Vector3 and other structs optimization of operators

Discussion in 'Scripting' started by Aka_ToolBuddy, Jun 17, 2017.

  1. Aka_ToolBuddy

    Aka_ToolBuddy

    Joined:
    Feb 25, 2014
    Posts:
    121
    Hi,
    While working on some real time mesh generating code, that did hundreds of thousands of Vector3 operations per frame, I was surprised to find that Vector3 (among other Unity structs) operators (*, +, ...) can be easily and massively optimized.

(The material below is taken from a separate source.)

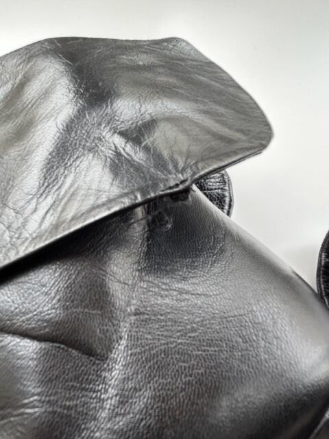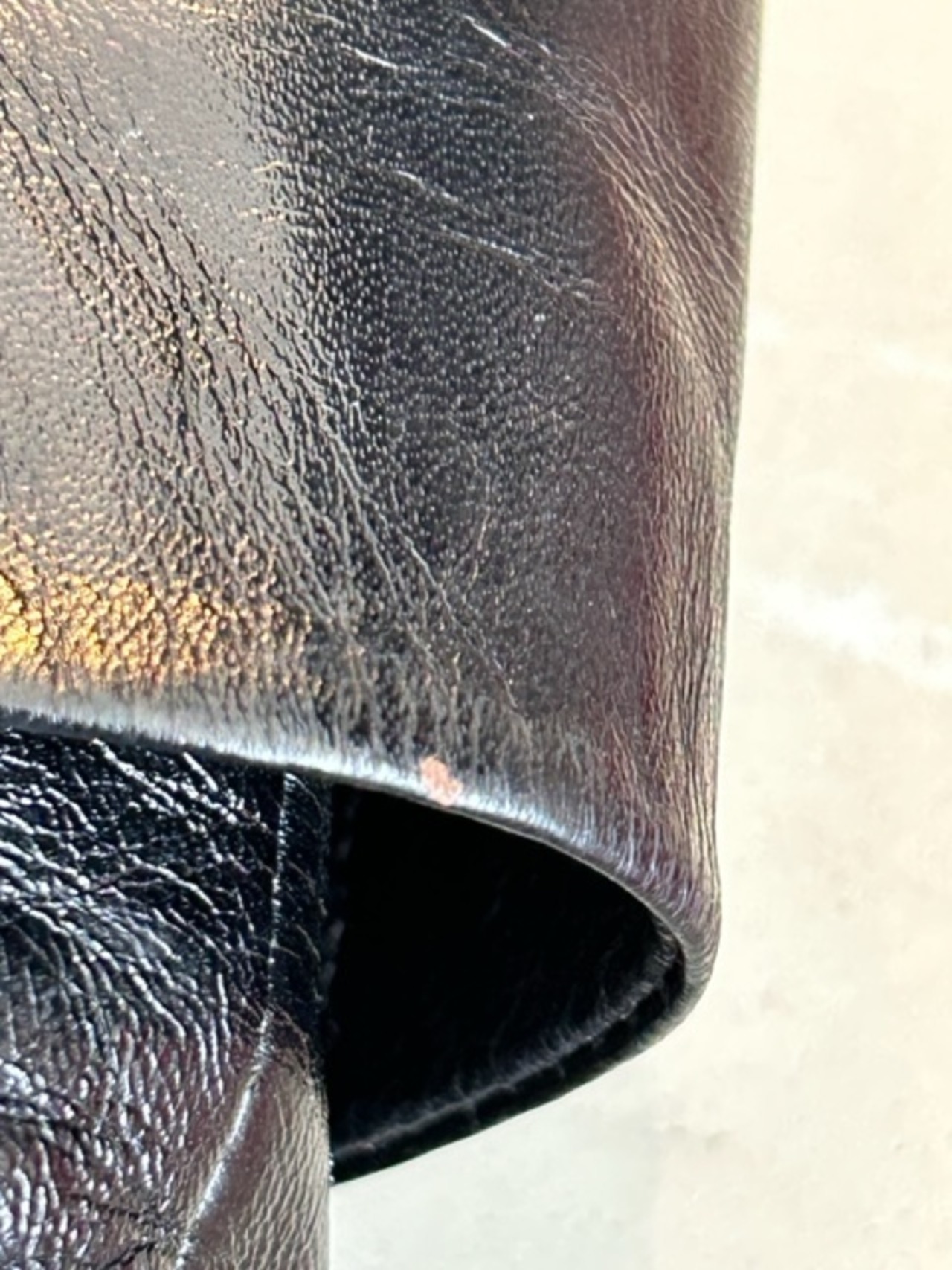 左足の折返し部分のレザーが小さく剥げています(画像8枚目)

    The current implementation of the * operator in Vector3 is:
    Code (CSharp):
    1. public static Vector3 operator *(Vector3 a, float d)
    2. {
    3.     return new Vector3(a.x * d, a.y * d, a.z * d);
    4. }
    The optimized implementation I suggest is:
    Code (CSharp):
    1. public static Vector3 operator *(Vector3 a, float d)
    2. {
    3.     Vector3 result;
    4.     result.x = a.x * d;
    5.     result.y = a.y * d;
    6.     result.z = a.z * d;
    7.     return result;
    8. }
    I run some simple comparison test that you can find here https://dropb.in/ponda.nimrod, and the result was:
    When run 50000 times, the current Unity's operator took 18.9 ms to execute, while the optimized one took 2.5 ms.
    The reason behind this difference is that the optimized version avoids calling unnecessarily the Vector3 constructor.

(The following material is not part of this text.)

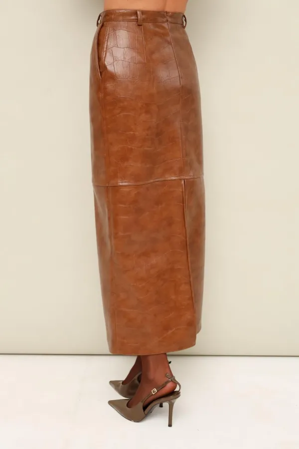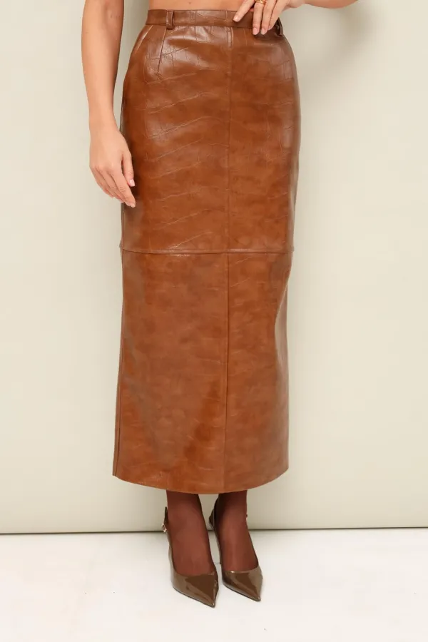 Стильный 2-предметный комплект, состоящий из жакета и юбки, выполненный из экокожи.

    I opened a suggestion at Unity's feedback site, so please support it by voting for it so we can see this optimization integrated in Unity some day
    https://feedback.unity3d.com/suggestions/vector3-and-other-structs-optimization-of-operators

    Thanks and have a nice day.
     
    Last edited: Jun 19, 2017
    pixelPhil, DaDonik, zxkne and 2 others like this.
  2. ThomasTrenkwalder

    ThomasTrenkwalder

    Joined:
    Jun 18, 2017
    Posts:
    10
    Interesting, I never thought about checking the performance of unitys math library stuff.
    I just tried out the operator you mentioned, and I do indeed get better performance when I roll my own struct and implement the operator as you suggest.
    Unitys Vector3 seems to take 30% more time for me, both inside the editor and inside a build (on 5.6.1f1).
     
    Aka_ToolBuddy likes this.
  3. Aka_ToolBuddy

    Aka_ToolBuddy

    Joined:
    Feb 25, 2014
    Posts:
    121
    Thanks a lot ThomasTrenkwalder for your tests, and thanks for voting for my suggestion, I hope it will make the Unity team consider the suggestion.
     
  4. CrystalConflux

    CrystalConflux

    Joined:
    May 25, 2017
    Posts:
    99
    Interesting. Considering that the current implementation is less verbose, and all that the constructor does is assign the corresponding fields, I wonder why the C# compiler doesn't optimize this?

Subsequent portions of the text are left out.